Le tournage ne fut pas simple : difficulté du montage financier, mésententes au sein de l'équipe, météorologie très défavorable entrainant l'interruption du tournage, jamais repris. Le montage de 40 minutes, où manquent quelques plans remplacés par deux cartons, est néanmoins celui d'une œuvre achevée, dans laquelle Jean Renoir laisse s'épanouir ses thèmes de prédilection, la sensualité,la relation à la nature et à l'eau, la satire sociale, l'ordre et le désordre, dans une nature qui fait penser aux peintures de son père Auguste Renoir.
La méchanceté de Maupassant se combine à la chaleur humaine de Renoir, et cette très belle chronique d'un dimanche d'été est aussi un conte inquiet, tendre et mélancolique, caustique et troublant.
Dans ce film, Renoir rend hommage à son père dans un certains nombre de scènes. Il recherche le frémissement de la lumière sur les vêtements, les effets d'ombre au travers des feuillages.

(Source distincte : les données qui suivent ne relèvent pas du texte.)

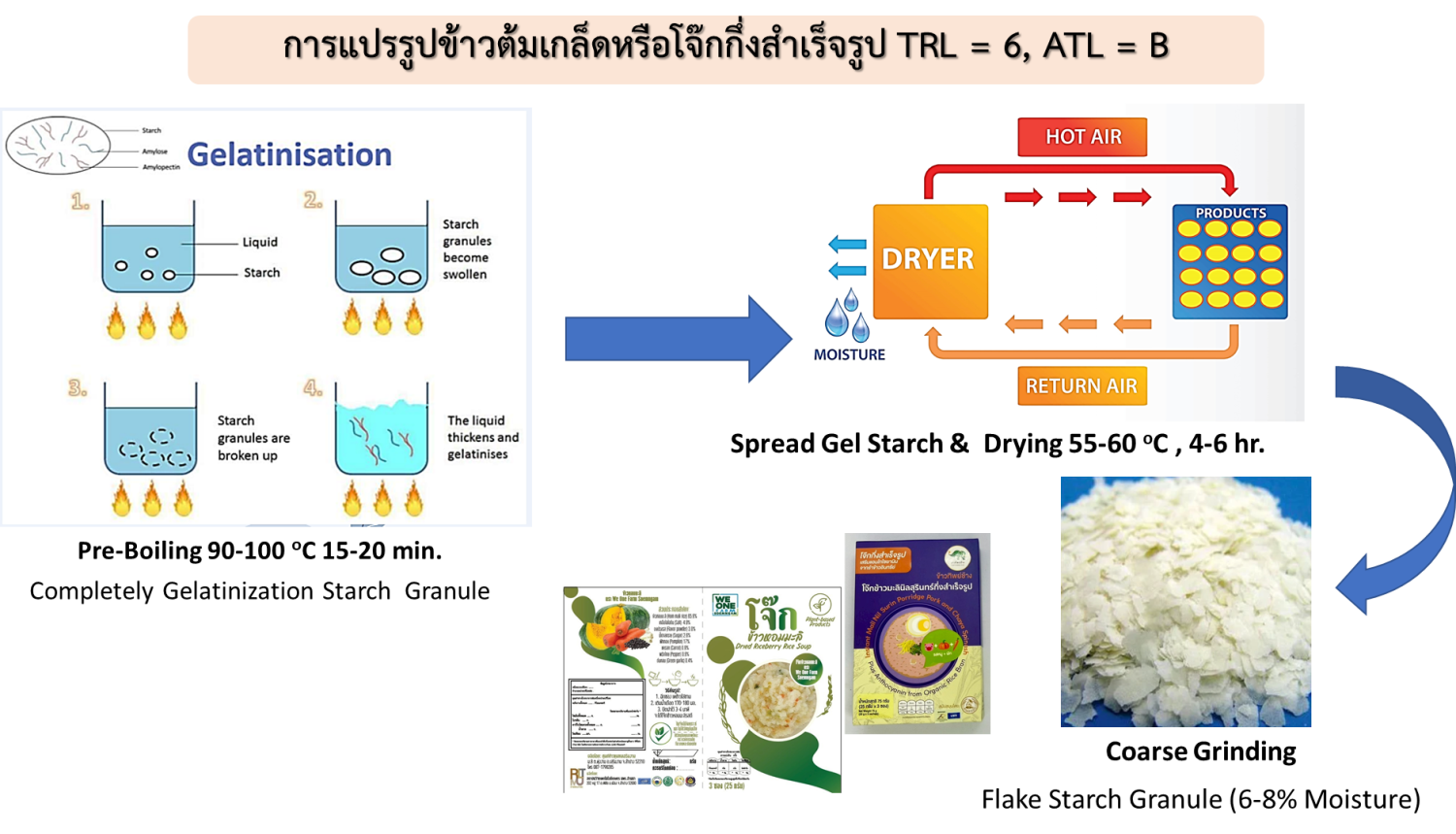 องค์ความรู้ในการเตรียมข้าวต้มสุก และใช้เทคโนโลยีการทำแห้งข้าวทั้งโดยการใช้แสงแดด ตู้อบแสงอาทิตย์ ตู้อบลมร้อน หรือเครื่องอบแห้งแบบลูกกลิ้ง ได้เป็นข้าวต้มเกล็ดแห้ง หรือโจ๊กกึ่งสำเร็จที่คืนรูปได้ง่ายโดยการเติมน้ำร้อนลงไปตั้งทิ้งไว้ไม่เกิน 3 นาที จะได้ข้าวต้มเกล็ดหรือโจ๊กสุกพร้อมบริโภค
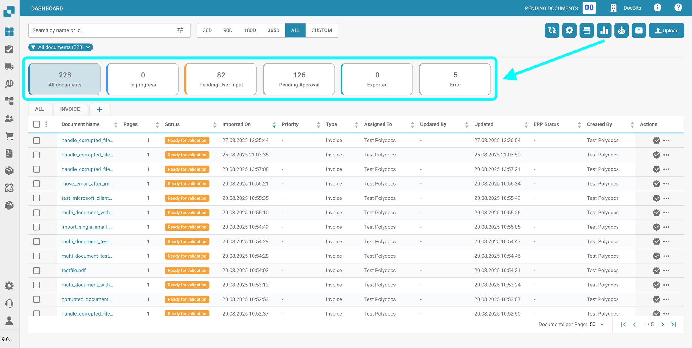 Kliknięcie tego przycisku spowoduje wyświetlenie nowego obszaru z bieżącą liczbą dokumentów w każdej kategorii.
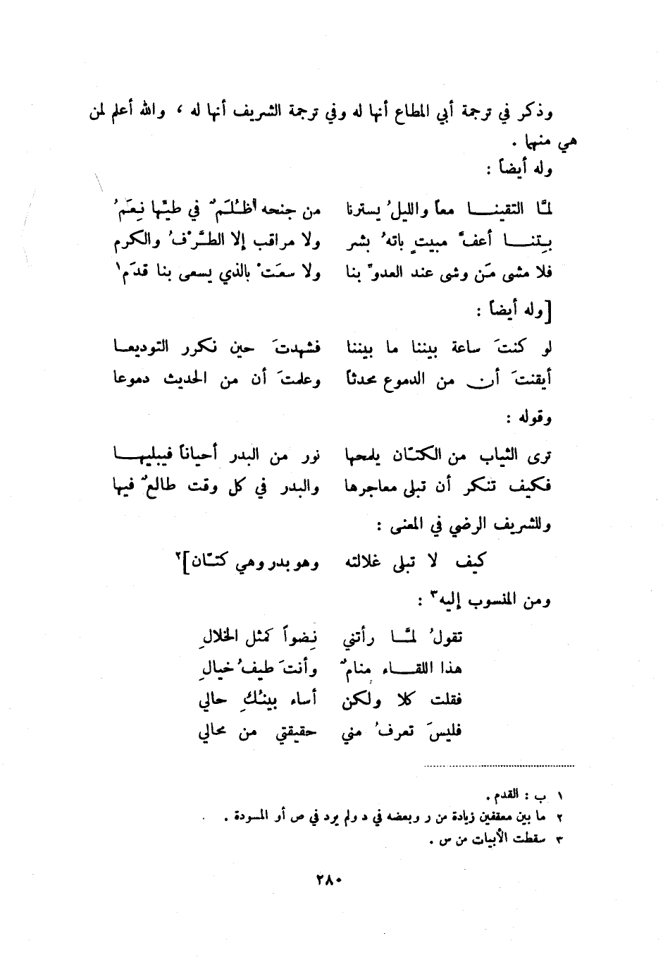 وذكر في ترجمة أبي المطاع أنها له وفي ترجمة الشريف أنها له، والله أعلم لمن هي منهما.

Jean Renoir interprète lui-même le rôle du père Poulain, propriétaire de l'auberge fréquentée par les deux canotiers où la famille Dufour décide de déjeuner sur l'herbe. C'est un rôle accessoire, en soi inutile à la narration. Superflu dans le système des personnages, absent de la nouvelle de Maupassant, il se justifie dans le projet symbolique du film où il assure une fonction d'incitateur au plaisir. Sur le plan de la nourriture d'abord en proposant aux deux jeunes hommes "une omelette à l'estragon", puis sur le terrain érotique en les invitant à passer l'attaque "si j'étais à votre place j'sais bien c'que je ferais", non sans avoir vanté les charmes de la mère précisément pour leur opulence : " la p'tite ! J'l'ai pas regardée ! Elle est trop maigre. La mère ! Parlez-moi d'un morceau !". Une profession de foi sensualiste où se mêlent tous les plaisirs de la chair, pourvu qu'elle soit abondante. Ainsi le personnage semble disparaître derrière l'auteur, ou celui-ci se dissimuler derrière celui-là.
Critiques
Pour André Bazin, « La scène d'amour dans l'île est l'un des moments les plus atroces et les plus beaux du cinéma universel ». Scène qui fait écrire à Jean-Bertrand Pontalis : « Sylvia Bataille dans Partie de campagne de Renoir : la balançoire et surtout, merveille des merveilles, la scène où elle s'abandonne, couchée dans l'herbe, à ce qui soudain lui arrive, la surprend, l'envahit : ce plaisir qui n'a pas de nom. »
Distribution
- Sylvia Bataille : Henriette Dufour
- Georges Darnoux : Henri
- Jacques Brunius : Rodolphe
- Jane Marken : Mme Juliette Dufour, la mère
- André Gabriello : M. Cyprien Dufour, le père
- Jean Renoir : le père Poulain, l'aubergiste
- Paul Temps : Anatole
- Gabrielle Fontan : la grand-mère
- Marguerite Renoir : la servante
- Alain Renoir : le garçon qui pêche
- Jacques Becker : un étudiant séminariste
- Georges Bataille : un étudiant séminariste
- Pierre Lestringuez : le vieux prêtre
Fiche technique
- Réalisation : Jean Renoir
- Assistants de réalisation : Jacques Brunius, Jacques Becker, Yves Allégret, Henri Cartier-Bresson, Claude Heymann, Luchino Visconti
- Scénario et dialogues : Jean Renoir, d'après Une partie de campagne, nouvelle de Guy de Maupassant.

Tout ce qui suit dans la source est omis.